◆ PROBLEM ◆
Look through the listing below and write out exactly the lines from the line with "3 – Esta semana" to the line with "3. 在展开的字段配置弹窗中", both included, and no others.

◆ TASK INPUTS ◆
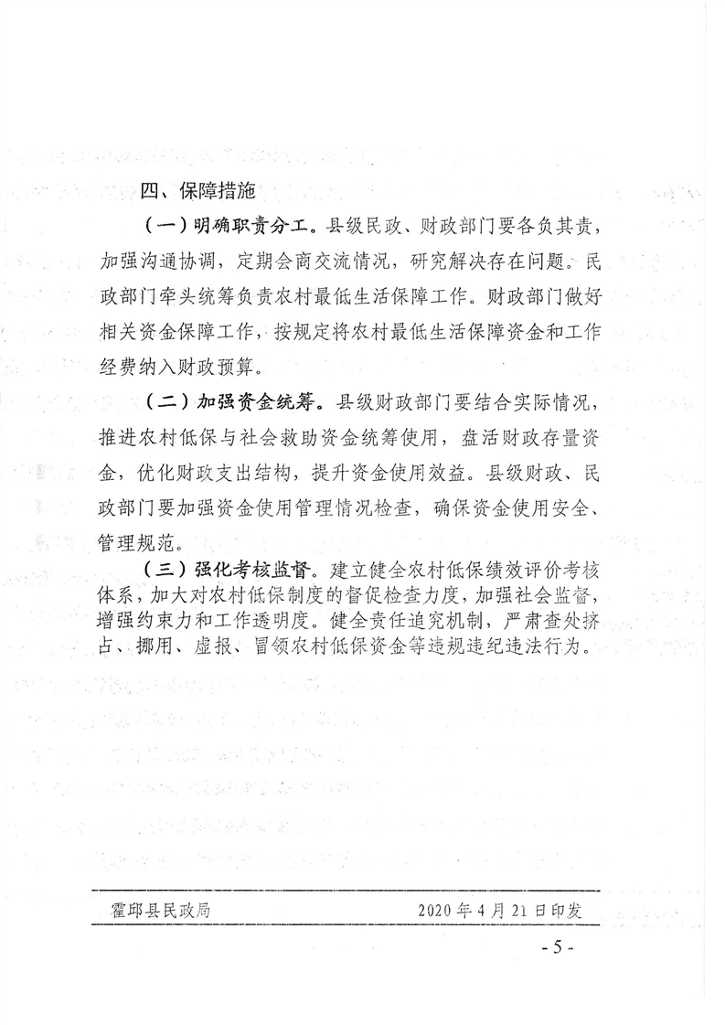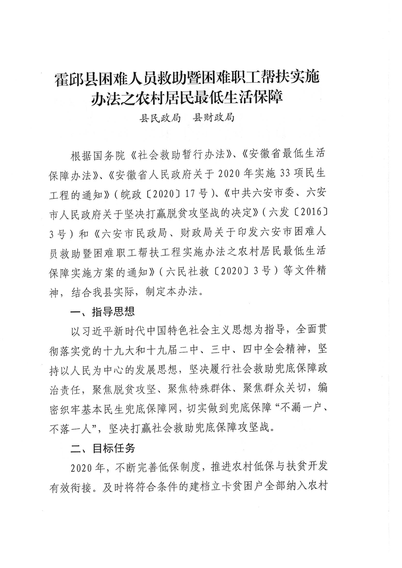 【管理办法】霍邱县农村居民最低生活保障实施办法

* * *

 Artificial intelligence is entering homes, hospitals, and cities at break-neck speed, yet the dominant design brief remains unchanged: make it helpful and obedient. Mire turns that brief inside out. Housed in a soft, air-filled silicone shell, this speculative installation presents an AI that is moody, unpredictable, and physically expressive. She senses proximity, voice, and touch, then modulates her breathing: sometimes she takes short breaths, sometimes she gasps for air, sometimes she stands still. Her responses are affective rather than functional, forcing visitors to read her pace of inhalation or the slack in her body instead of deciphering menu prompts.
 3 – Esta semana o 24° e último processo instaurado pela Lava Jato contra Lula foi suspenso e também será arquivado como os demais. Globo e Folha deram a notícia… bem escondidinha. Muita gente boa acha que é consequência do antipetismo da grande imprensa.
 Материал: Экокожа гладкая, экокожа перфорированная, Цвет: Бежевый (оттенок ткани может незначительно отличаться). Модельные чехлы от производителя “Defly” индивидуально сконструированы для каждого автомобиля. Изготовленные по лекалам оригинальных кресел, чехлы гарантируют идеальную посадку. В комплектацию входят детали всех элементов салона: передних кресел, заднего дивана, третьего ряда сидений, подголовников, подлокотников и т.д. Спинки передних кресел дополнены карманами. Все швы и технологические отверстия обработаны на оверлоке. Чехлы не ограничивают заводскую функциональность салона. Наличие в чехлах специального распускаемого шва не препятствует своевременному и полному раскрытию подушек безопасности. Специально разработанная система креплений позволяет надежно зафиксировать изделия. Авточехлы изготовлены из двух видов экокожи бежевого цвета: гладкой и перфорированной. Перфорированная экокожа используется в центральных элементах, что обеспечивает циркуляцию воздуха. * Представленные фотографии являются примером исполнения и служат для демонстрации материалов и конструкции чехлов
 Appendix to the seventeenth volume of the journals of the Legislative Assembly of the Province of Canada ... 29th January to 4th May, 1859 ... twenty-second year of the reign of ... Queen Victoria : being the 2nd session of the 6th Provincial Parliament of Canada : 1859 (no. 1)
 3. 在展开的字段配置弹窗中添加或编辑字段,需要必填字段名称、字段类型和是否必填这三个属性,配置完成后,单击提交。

◆ EXERCISE ANSWER ◆
 3 – Esta semana o 24° e último processo instaurado pela Lava Jato contra Lula foi suspenso e também será arquivado como os demais. Globo e Folha deram a notícia… bem escondidinha. Muita gente boa acha que é consequência do antipetismo da grande imprensa.
 Материал: Экокожа гладкая, экокожа перфорированная, Цвет: Бежевый (оттенок ткани может незначительно отличаться). Модельные чехлы от производителя “Defly” индивидуально сконструированы для каждого автомобиля. Изготовленные по лекалам оригинальных кресел, чехлы гарантируют идеальную посадку. В комплектацию входят детали всех элементов салона: передних кресел, заднего дивана, третьего ряда сидений, подголовников, подлокотников и т.д. Спинки передних кресел дополнены карманами. Все швы и технологические отверстия обработаны на оверлоке. Чехлы не ограничивают заводскую функциональность салона. Наличие в чехлах специального распускаемого шва не препятствует своевременному и полному раскрытию подушек безопасности. Специально разработанная система креплений позволяет надежно зафиксировать изделия. Авточехлы изготовлены из двух видов экокожи бежевого цвета: гладкой и перфорированной. Перфорированная экокожа используется в центральных элементах, что обеспечивает циркуляцию воздуха. * Представленные фотографии являются примером исполнения и служат для демонстрации материалов и конструкции чехлов
 Appendix to the seventeenth volume of the journals of the Legislative Assembly of the Province of Canada ... 29th January to 4th May, 1859 ... twenty-second year of the reign of ... Queen Victoria : being the 2nd session of the 6th Provincial Parliament of Canada : 1859 (no. 1)
 3. 在展开的字段配置弹窗中添加或编辑字段,需要必填字段名称、字段类型和是否必填这三个属性,配置完成后,单击提交。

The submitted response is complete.